Impact of state anxiety on the interaction between threat monitoring and cognition
Highlights
► We investigated how shock monitoring affects subsequent conflict processing. ► Shock monitoring affected conflict processing at both behavioral and neural levels ► State anxiety modulated the interaction between shock monitoring and conflict. ► This three-way interaction was observed in the anterior insula. ► Shock anticipation engaged the medial PFC, thalamus, anterior insula, and the BNST.
Introduction
In the past decade, a growing body of studies has investigated the impact of emotional stimuli on cognitive function. For instance, in a working memory task, negative distractors impair behavioral performance to a larger extent than neutral items (Anticevic et al., 2010, Dolcos and McCarthy, 2006). The impact of emotion on many other cognitive tasks has been investigated, including conflict processing (Blair et al., 2007, Hart et al., 2010, Kanske and Kotz, 2010) and response inhibition (Pessoa et al., in press). This literature has focused on paradigms in which the role of emotion is closely associated with a stimulus (typically an unpleasant picture). Another central property of these paradigms is that the temporal characteristics of the emotional stimulus are generally known to the participants and fixed.

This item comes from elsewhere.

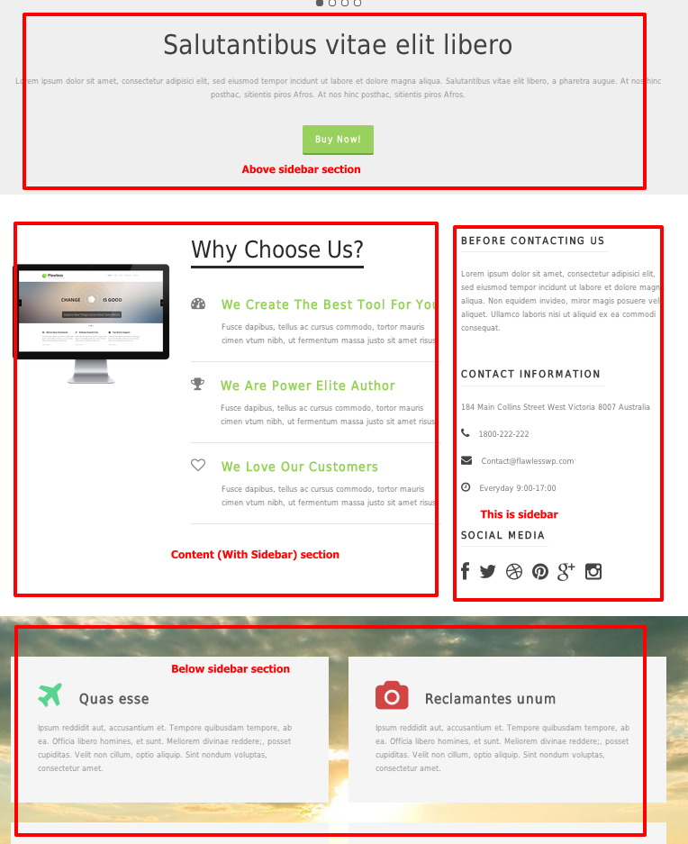 After you create sidebar, you can assign it to any page/post/portfolio you want in the page/post/portfolio option area. You can also set the default sidebar for blog page, archive/search page, woocommerce product and woocommerce single page at the 'Theme option > General' section as well.Page Builder Component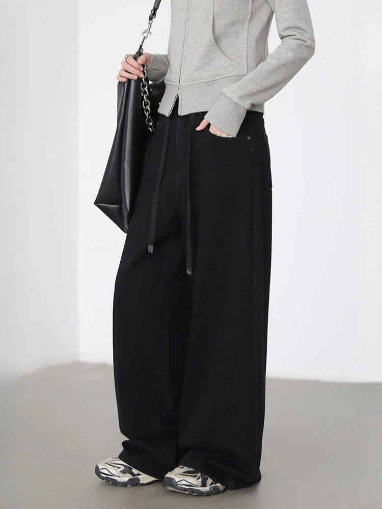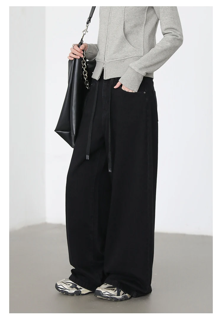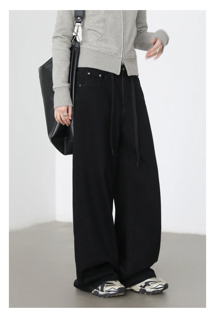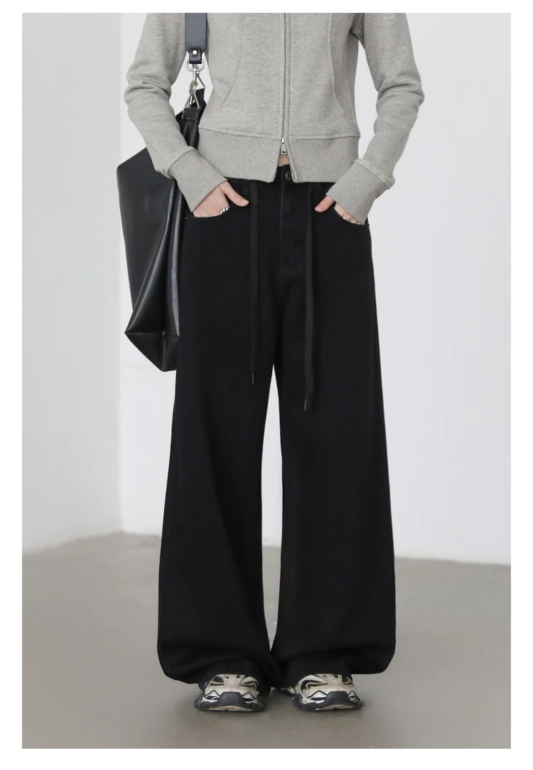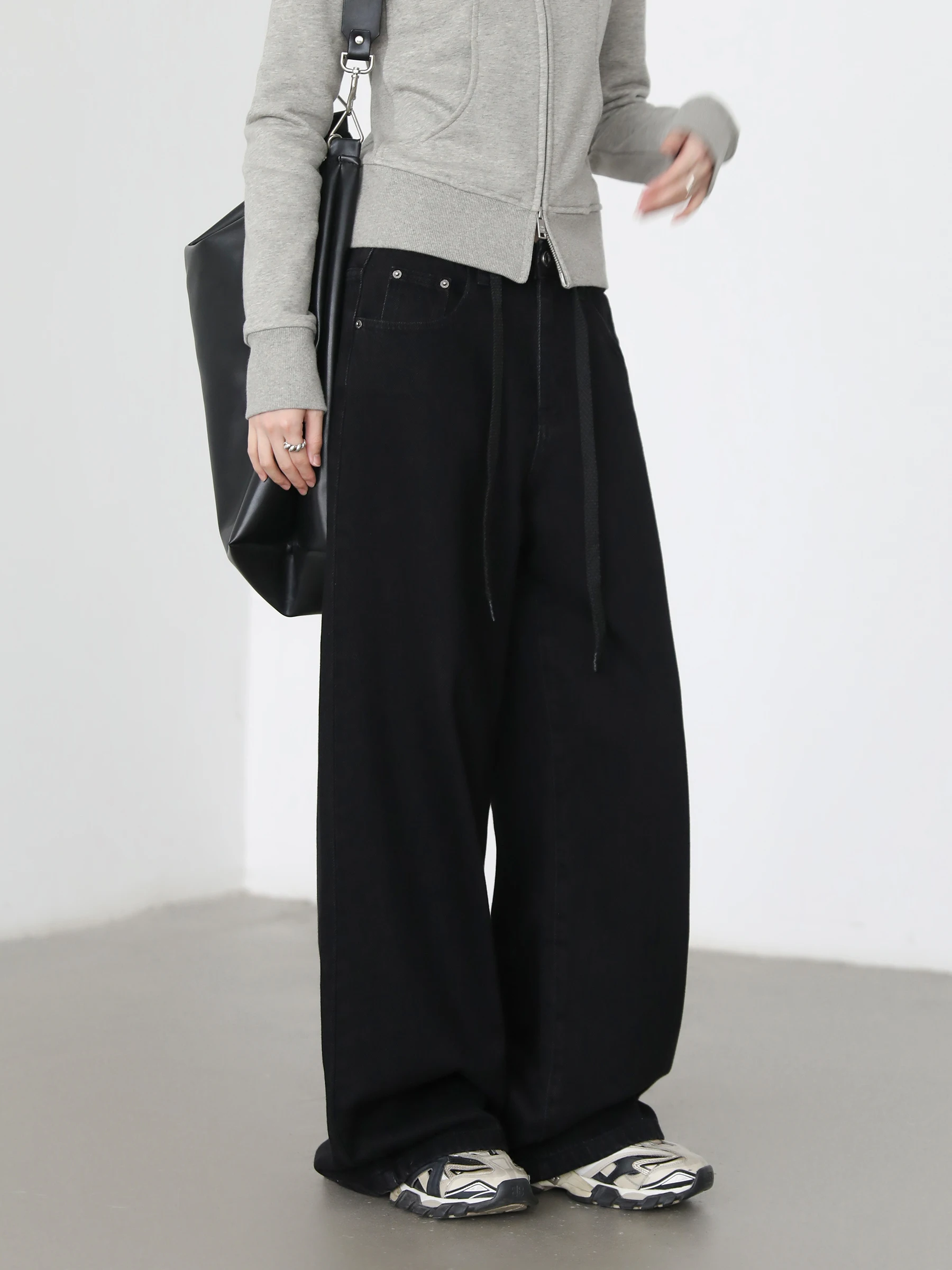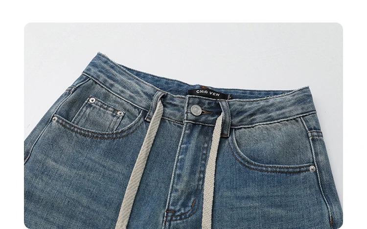 CHIC VEN Pantaloni in denim da donna Solid Loose Casual Retro Jeans con coulisse Pantaloni femminili a gamba dritta Primavera Autunno 2025

At the same time, recent studies have attempted to understand the impact of more temporally extended emotional manipulations, so as to approximate conditions that are closer to anxiety than fear (Davis et al., 2010). Along these lines, in the present study, our goal was to investigate cognitive performance subsequent to a period of shock anticipation. Participants performed a cognitive task during two experimental contexts (Fig. 1). An initial cue stimulus signaled whether the trial was “safe” or “threat”. During threat trials, mild electric shock was administered to participants in a third of the trials during a variable-length delay period in a way that the timing of the shock was unpredictable to participants. During safe trials, the trial timing and structure were the same, except that no shocks were administered. Following the anticipation period, participants were asked to determine if a picture contained a house or building while ignoring task-irrelevant words, which were used to create neutral, congruent, and incongruent trials — we refer to this latter task period as the “target” phase.
We hypothesized that monitoring for a potential shock affects task performance via its impact on capacity-limited information processing — much like strong emotional stimuli, as suggested in the dual competition framework (Pessoa, 2009). Accordingly, shock monitoring would use processing resources needed for subsequent conflict processing, thereby having its largest impact on incongruent trials, during which response conflict must be adequately resolved to ensure correct task behavior.
As shown in Fig. 1, the task was designed such that the cue and target phases were separated by a short, variable-length duration period. Whereas one goal of this manipulation was to generate temporal uncertainty regarding potential shock delivery, a second goal was to allow us to independently estimate evoked responses to both task phases. Regarding the former, this allowed us to contrast responses evoked by the cue during trials that were structurally identical, except for the geometric shape of the cue stimulus (trials that actually contained a physical shock were discarded from the main analyses). Previous studies have identified a number of regions involved in threat monitoring, including dorsomedial prefrontal cortex (PFC), anterior insula, bed nucleus of the stria terminalis (BNST), and thalamus, among others (Chandrasekhar et al., 2008, Kalin et al., 2005, Mobbs et al., 2010, Somerville et al., 2010). The BNST is especially interesting given its potential involvement in monitoring escalating threat levels (see Davis et al., 2010 for a review). The anterior insula is also particularly relevant because it is critically involved in the processing of bodily signals and contains a visceral sensory cortex that maps the internal state of the body in a precise fashion (Craig, 2002, Craig, 2009). Accordingly, we anticipated that, in our task, threat as signaled by the cue stimulus would engage some of these regions.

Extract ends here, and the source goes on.